TASK
For this exercise, the lines from the one with "Luftigt, kølende materiale" through the final line of the data below are to be transcribed exactly, and pictures are to be skipped.

RECORDS FOR THE EXERCISE
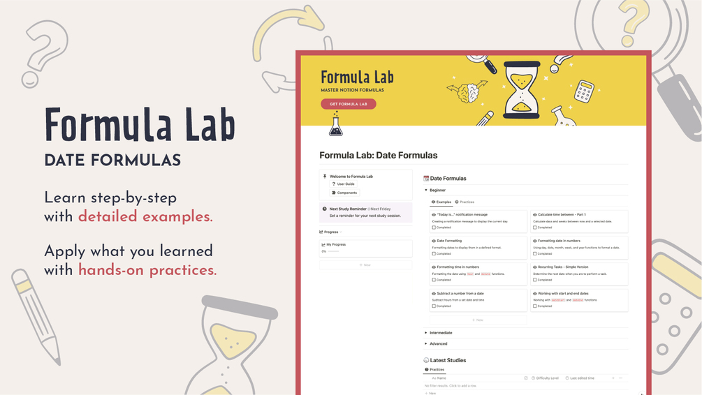 Formula Lab is a comprehensive study guide to learn Notion formulas. It is an interactive and informative guide, designed to make learning formulas enjoyable and effective.
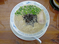 ラーメンは、チャーシュー・ねぎ・のりとシンプルです。スープは豚骨くささが鼻にきますが、以外に食べるとこってりしていません。若干薄い気がしますが、テーブルにある辛子高菜や紅しょうがと一緒に食べるとちょうどいい味になります。チャーハンは安い割には結構おいしいと思います。なお、替え玉も100円と良心的です。
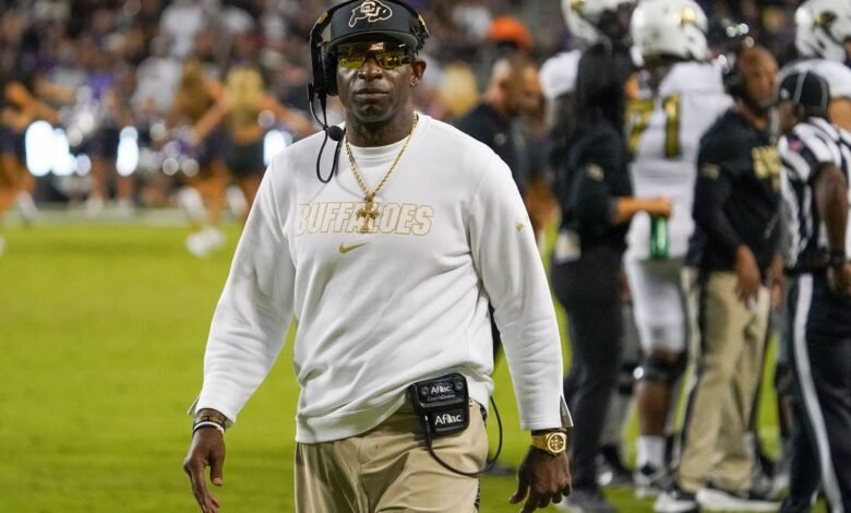 O técnico do Colorado, Deion Sanders, retorna aos treinos após a cirurgia.
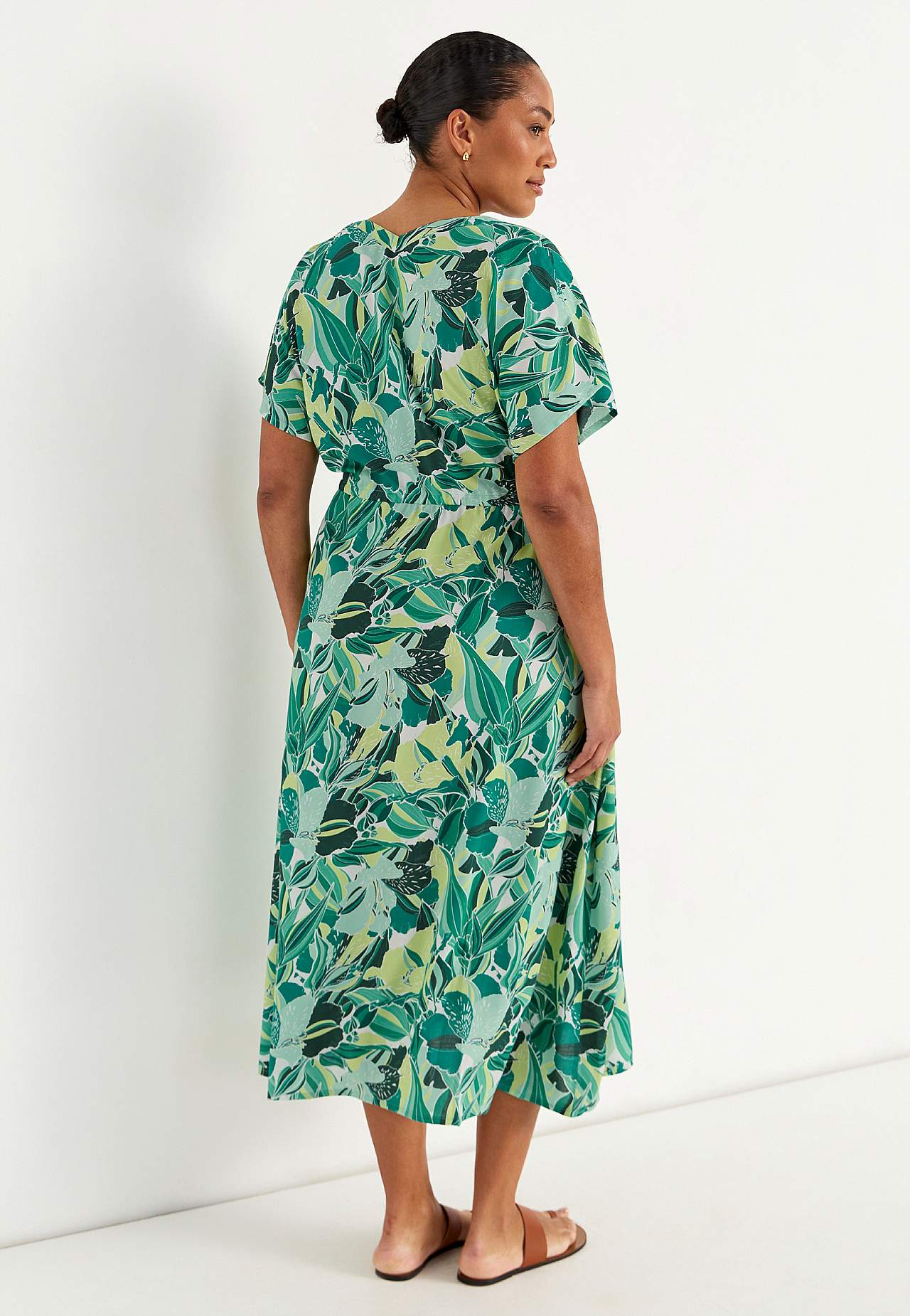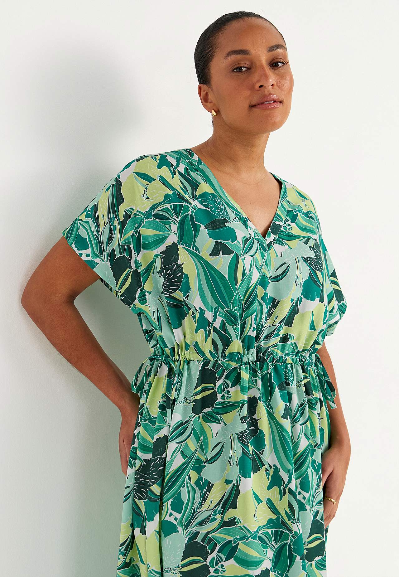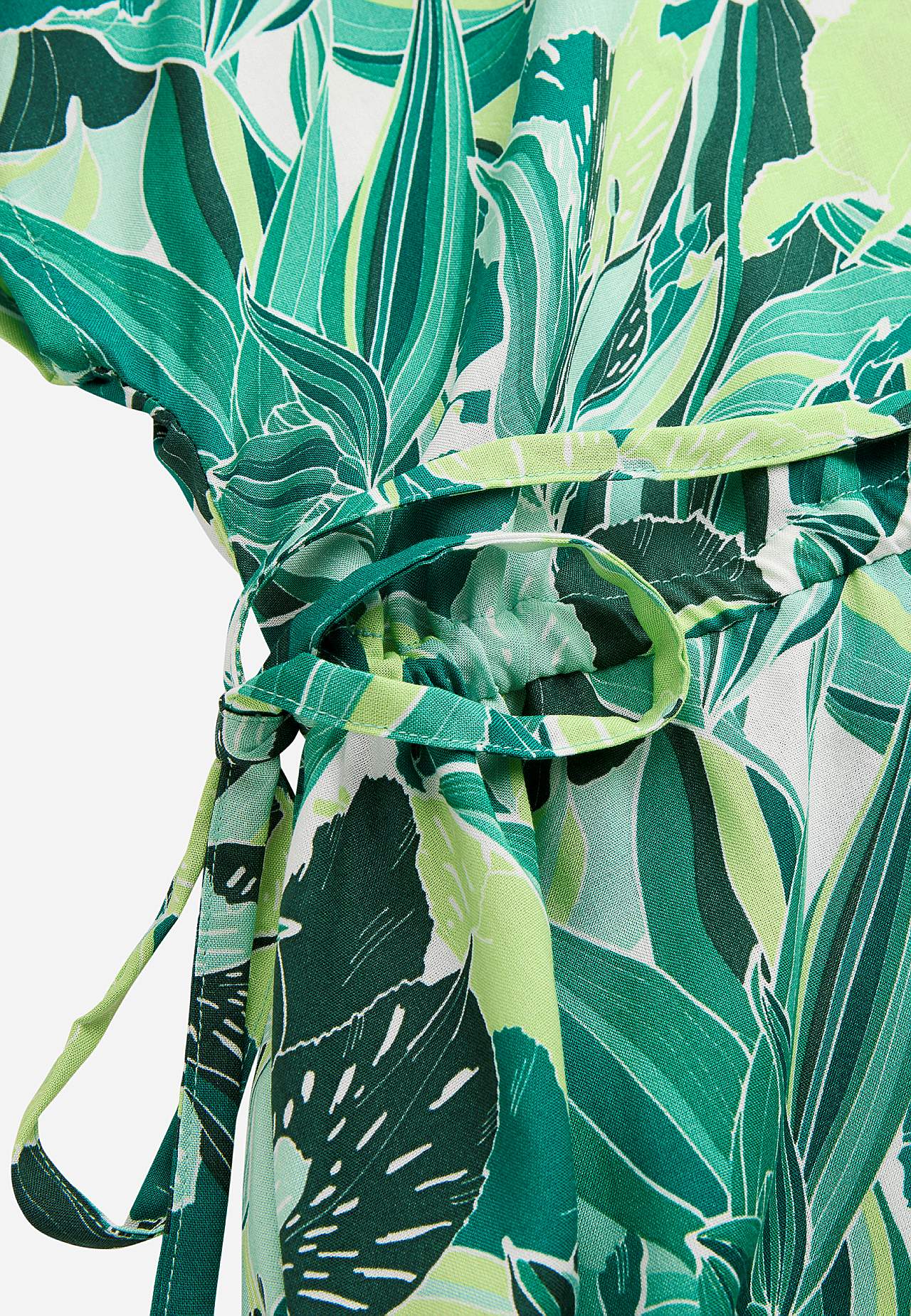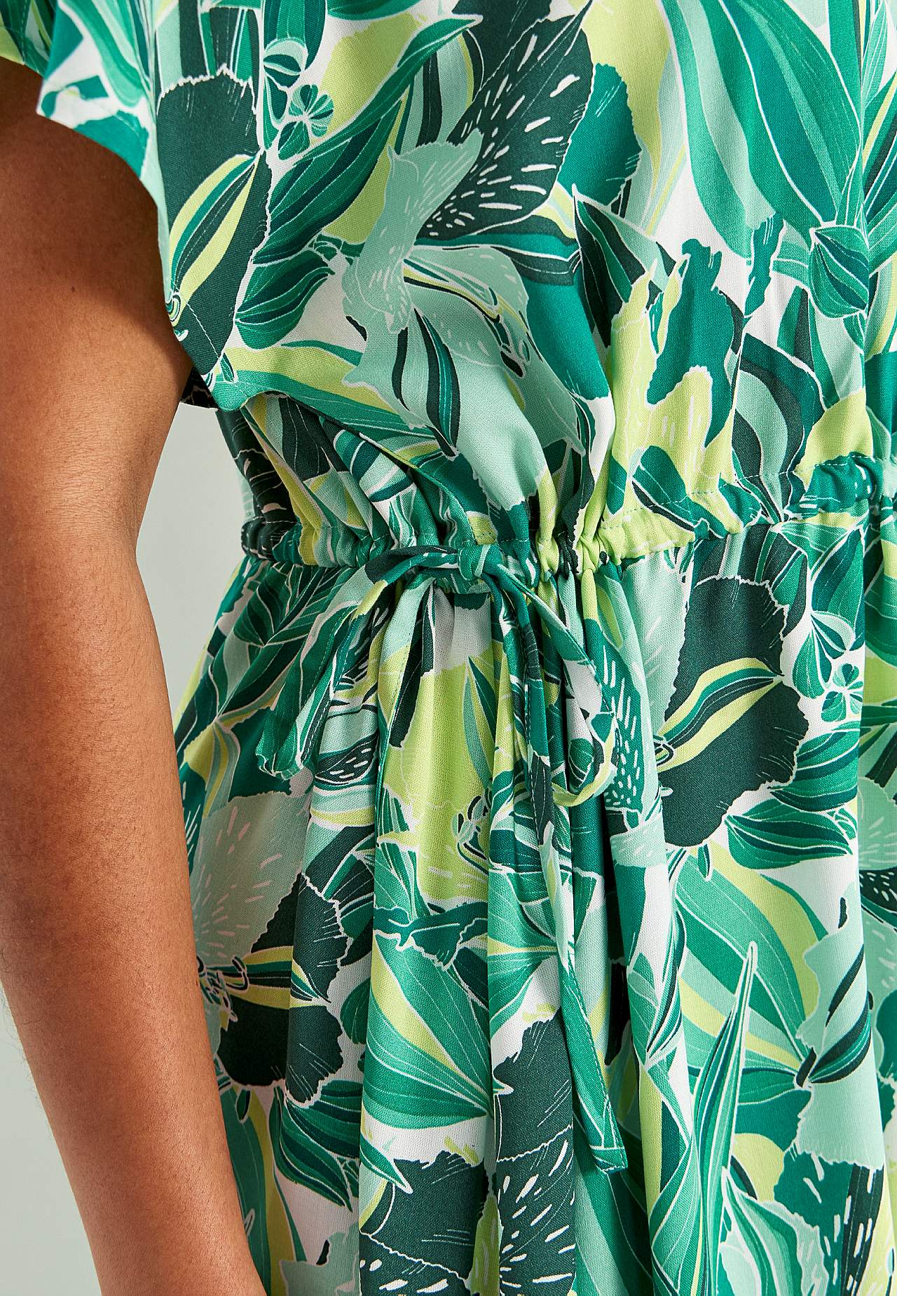 Luftigt, kølende materiale med mat overflade. Uformel, løs pasform. Brede korte ærmer. Skjulte bindebånd i taljen. Kan nemt justeres og bindes i begge sider. Vælg selv, en løs eller mere stram pasform. Let afrundet søm. Ryglængden følger størrelsen, ca. 128 cm.
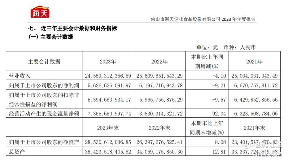 2022年,海天味业扣非净利润同比下降7.09%,2023年更是出现了上市十年来首次营业下滑的情况,营收下降4.1%,为245.59亿元;净利润下滑9.21%,为56.27亿元,已经连续2年负增长。

THE ANSWER
 Luftigt, kølende materiale med mat overflade. Uformel, løs pasform. Brede korte ærmer. Skjulte bindebånd i taljen. Kan nemt justeres og bindes i begge sider. Vælg selv, en løs eller mere stram pasform. Let afrundet søm. Ryglængden følger størrelsen, ca. 128 cm.
 2022年,海天味业扣非净利润同比下降7.09%,2023年更是出现了上市十年来首次营业下滑的情况,营收下降4.1%,为245.59亿元;净利润下滑9.21%,为56.27亿元,已经连续2年负增长。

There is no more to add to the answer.